A reactive microservice framework built on Netty that supports gRPC, Thrift, Kotlin, Retrofit, Spring Boot, and Dropwizard.
Armeria is a reactive microservice framework built on Netty that enables developers to create high-performance services supporting multiple protocols like gRPC, Thrift, and HTTP. It solves the complexity of integrating disparate technologies by providing a unified, flexible foundation for microservice development.
Java and Kotlin developers building microservices, especially those needing multi-protocol support or integrating with Spring Boot, Dropwizard, or reactive streams.
Developers choose Armeria for its seamless integration of popular technologies, high performance via Netty, and the flexibility to build reactive microservices without being locked into a specific stack.
Your go-to microservice framework for any situation, from the creator of Netty et al. You can build any type of microservice leveraging your favorite technologies, including gRPC, Thrift, Kotlin, Retrofit, Reactive Streams, Spring Boot and Dropwizard.
Open-Awesome is built by the community, for the community.
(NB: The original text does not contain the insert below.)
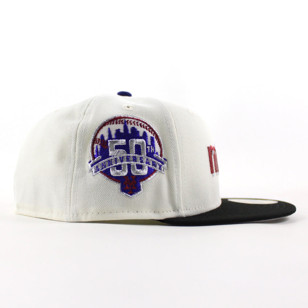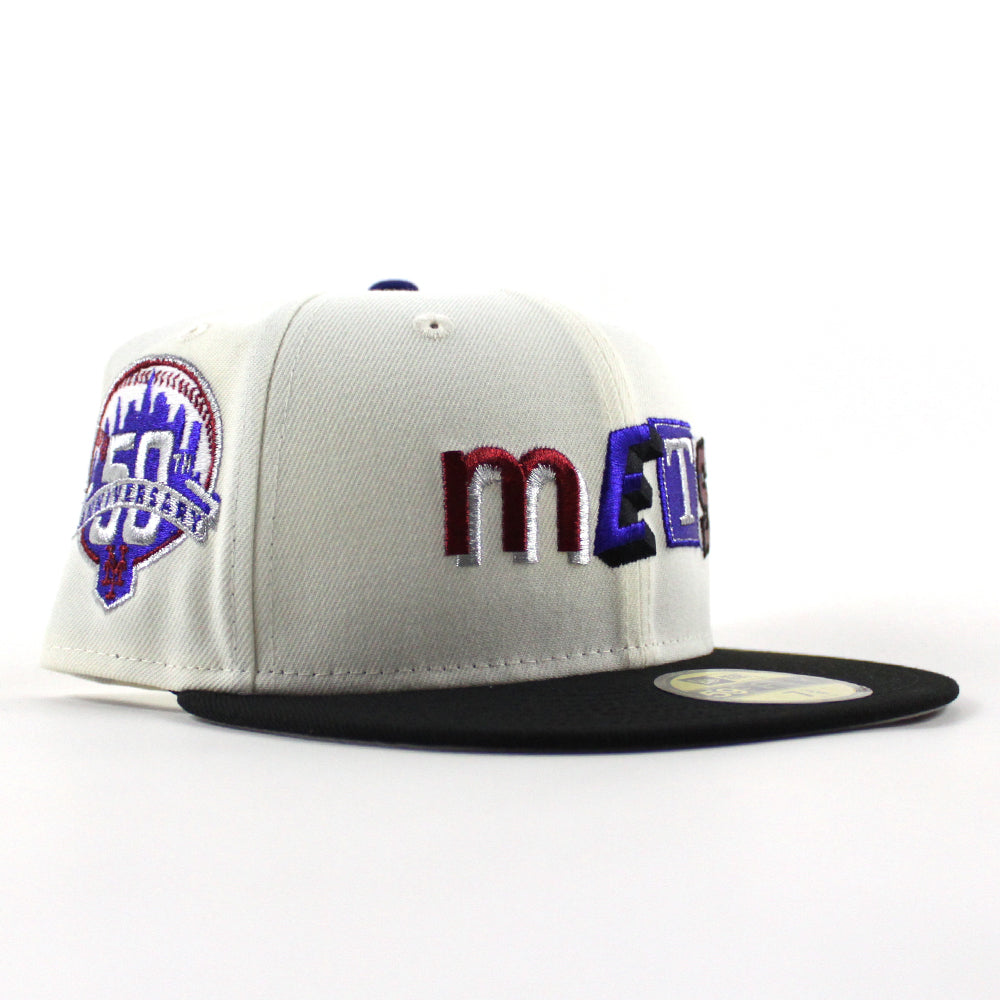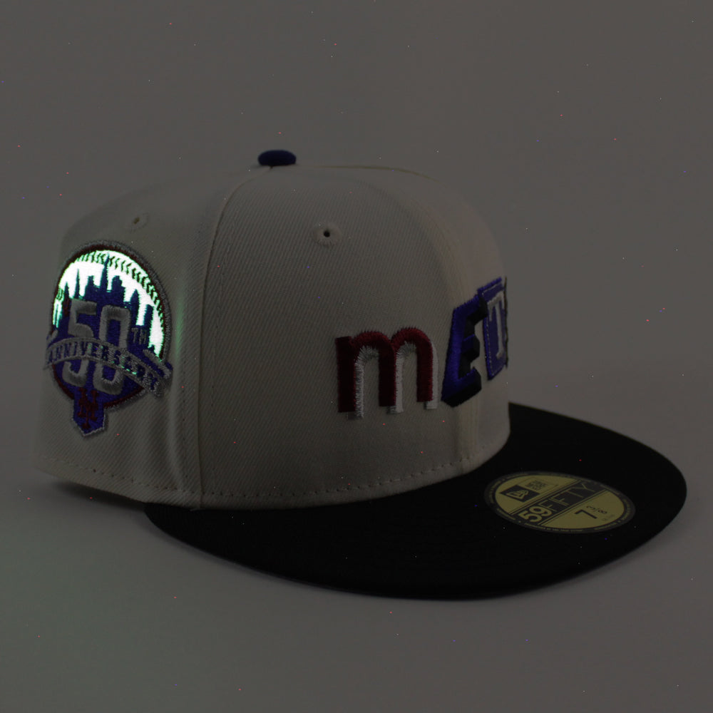 New York Mets DeathNote Logo 50th Anniversary New Era 59Fifty Fitted Hat (Chrome White Black Gray Under Brim)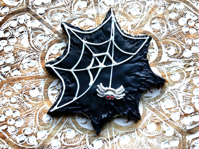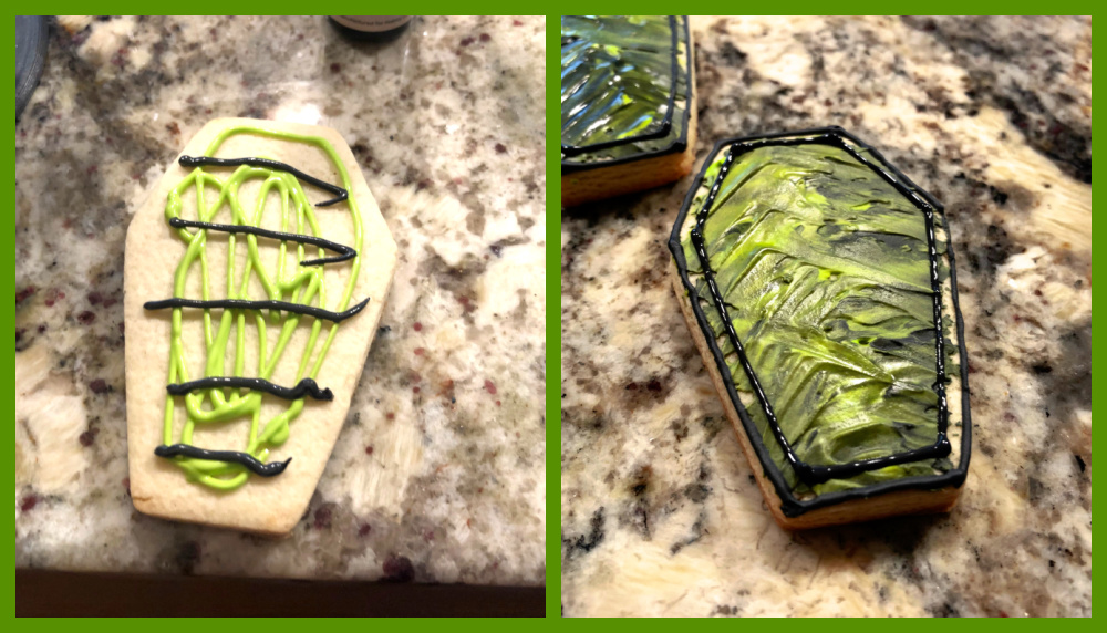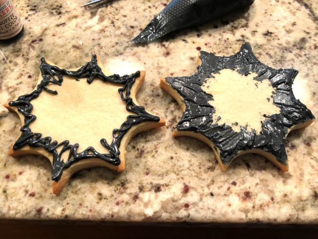 As to the background it’s all in the consistency of the black Royal icing, as well as the technique to spread it.

Submit a project, suggest an awesome list, or help improve the catalog on GitHub.
Armeria enables building services with gRPC, Thrift, HTTP/1, HTTP/2, and WebSocket, allowing unified exposure from a single codebase, as highlighted in the key features.
Built on Netty by its creator, Armeria leverages non-blocking I/O for reactive services, ensuring optimal performance for high-throughput microservices, per the README's emphasis on reactive foundation.
It seamlessly integrates with Kotlin, Retrofit, Reactive Streams, Spring Boot, and Dropwizard, letting developers use preferred tools without lock-in, as noted in the technology integration feature.
Write services once and expose them via multiple protocols, simplifying development and maintenance, which is a core philosophy of building reactive microservices 'at your pace.'
Armeria's flexibility requires more manual configuration than frameworks like Spring Boot, which offer pre-configured solutions, potentially slowing initial development.
Due to its Netty foundation and reactive programming model, developers need to understand low-level I/O and reactive concepts, which can be a barrier for teams new to these technologies.
While it integrates with other tech, Armeria lacks native administrative dashboards or monitoring tools, often necessitating additional setup for observability, as the README directs to external sites for more info.